§ **What is needed**
Your task is to return the listing below word for word, without any of its images.

§ **Data section**
----

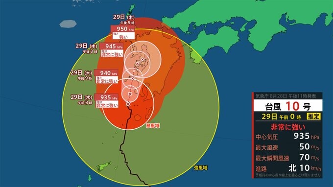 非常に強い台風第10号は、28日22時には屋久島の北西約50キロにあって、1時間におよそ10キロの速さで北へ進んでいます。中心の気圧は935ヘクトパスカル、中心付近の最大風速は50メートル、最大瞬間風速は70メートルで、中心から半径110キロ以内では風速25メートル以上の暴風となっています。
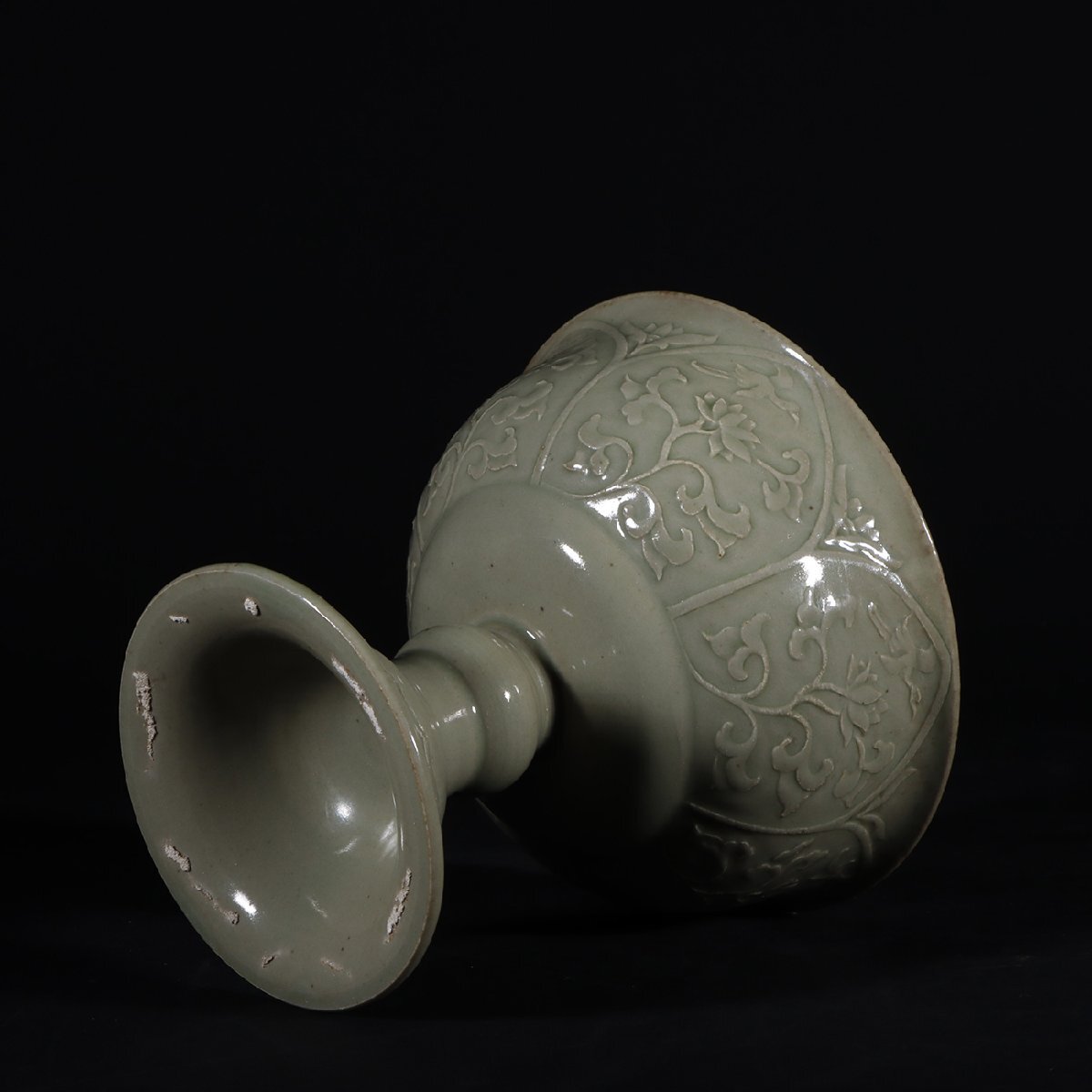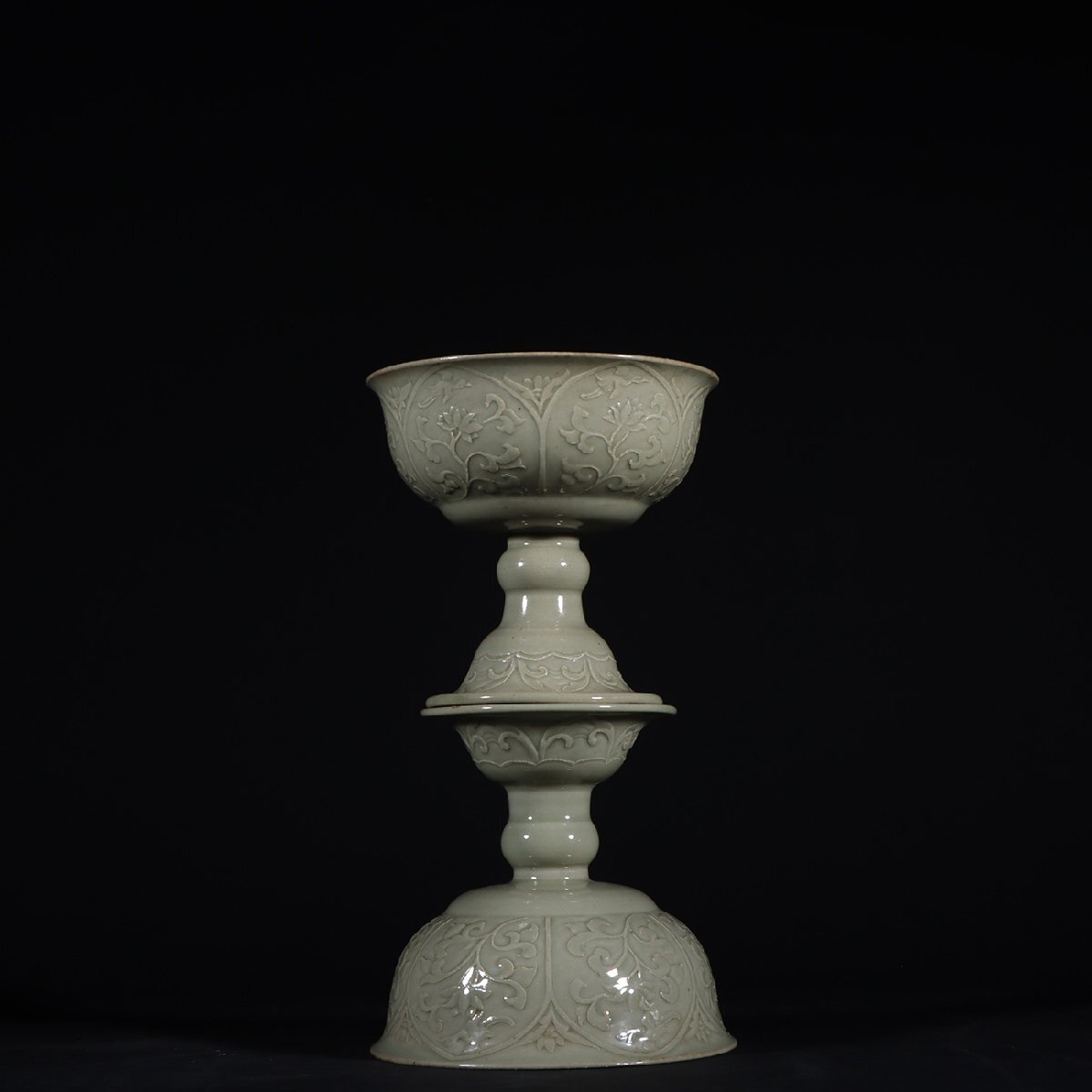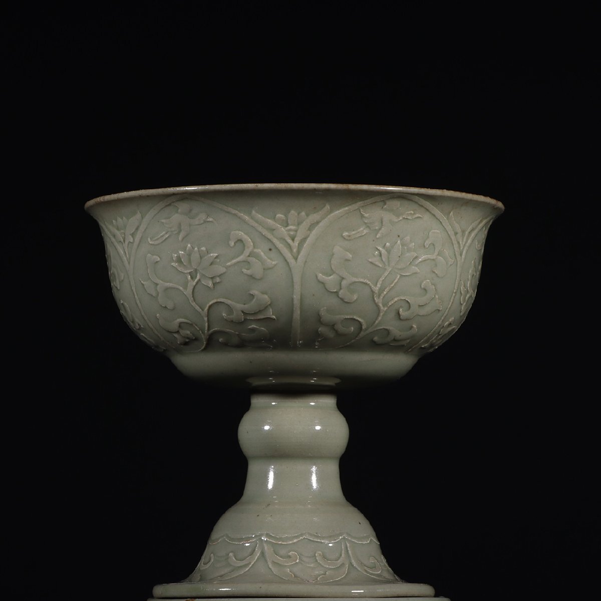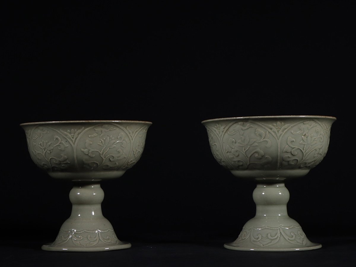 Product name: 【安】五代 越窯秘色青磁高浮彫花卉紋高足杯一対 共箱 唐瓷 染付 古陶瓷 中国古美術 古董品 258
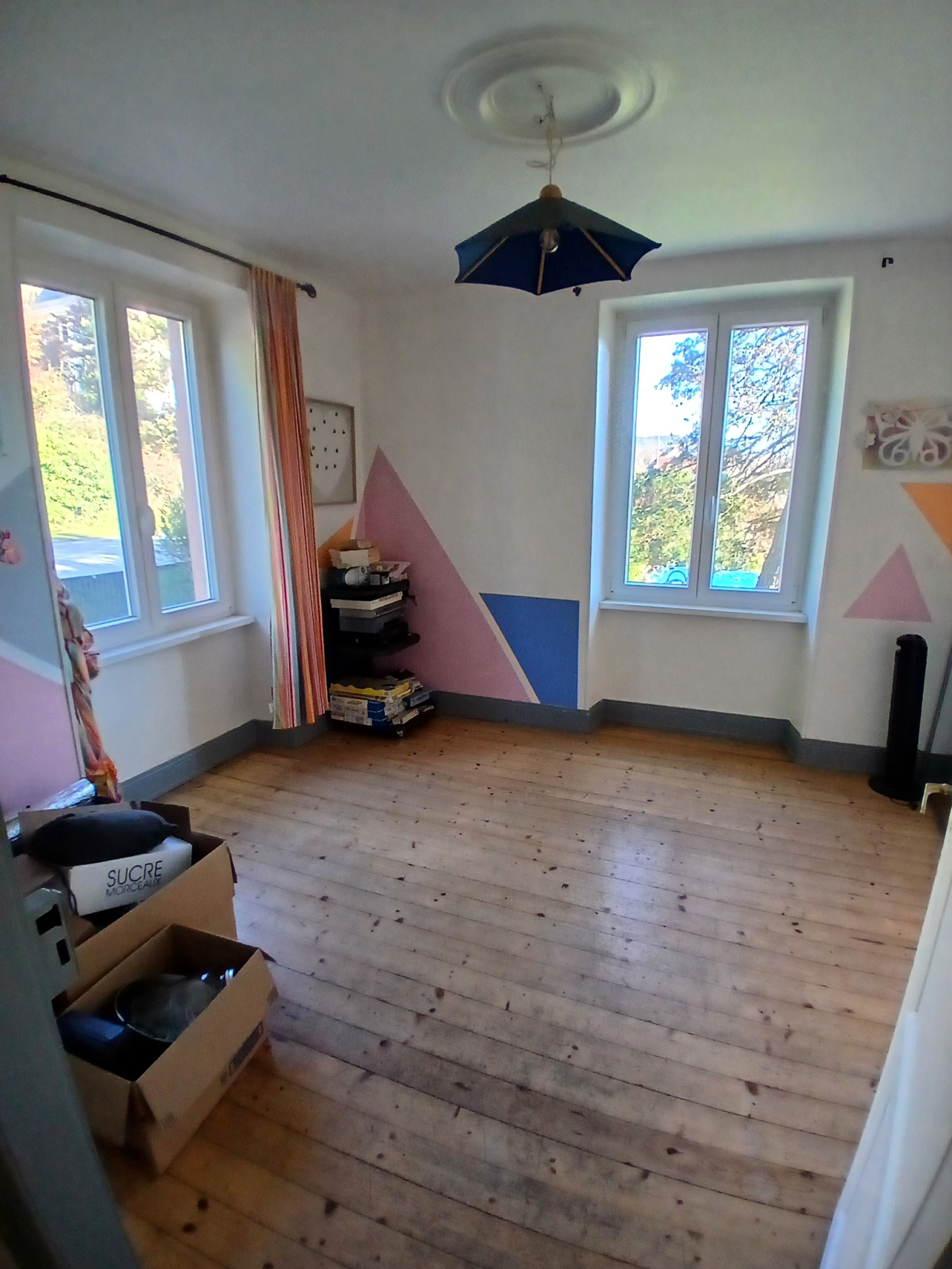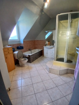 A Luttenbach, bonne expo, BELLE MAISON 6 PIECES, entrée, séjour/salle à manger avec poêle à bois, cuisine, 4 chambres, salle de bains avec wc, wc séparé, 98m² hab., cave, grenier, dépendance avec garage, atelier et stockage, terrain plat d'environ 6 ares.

----

§ **Answer to this problem**
 非常に強い台風第10号は、28日22時には屋久島の北西約50キロにあって、1時間におよそ10キロの速さで北へ進んでいます。中心の気圧は935ヘクトパスカル、中心付近の最大風速は50メートル、最大瞬間風速は70メートルで、中心から半径110キロ以内では風速25メートル以上の暴風となっています。
 Product name: 【安】五代 越窯秘色青磁高浮彫花卉紋高足杯一対 共箱 唐瓷 染付 古陶瓷 中国古美術 古董品 258
 A Luttenbach, bonne expo, BELLE MAISON 6 PIECES, entrée, séjour/salle à manger avec poêle à bois, cuisine, 4 chambres, salle de bains avec wc, wc séparé, 98m² hab., cave, grenier, dépendance avec garage, atelier et stockage, terrain plat d'environ 6 ares.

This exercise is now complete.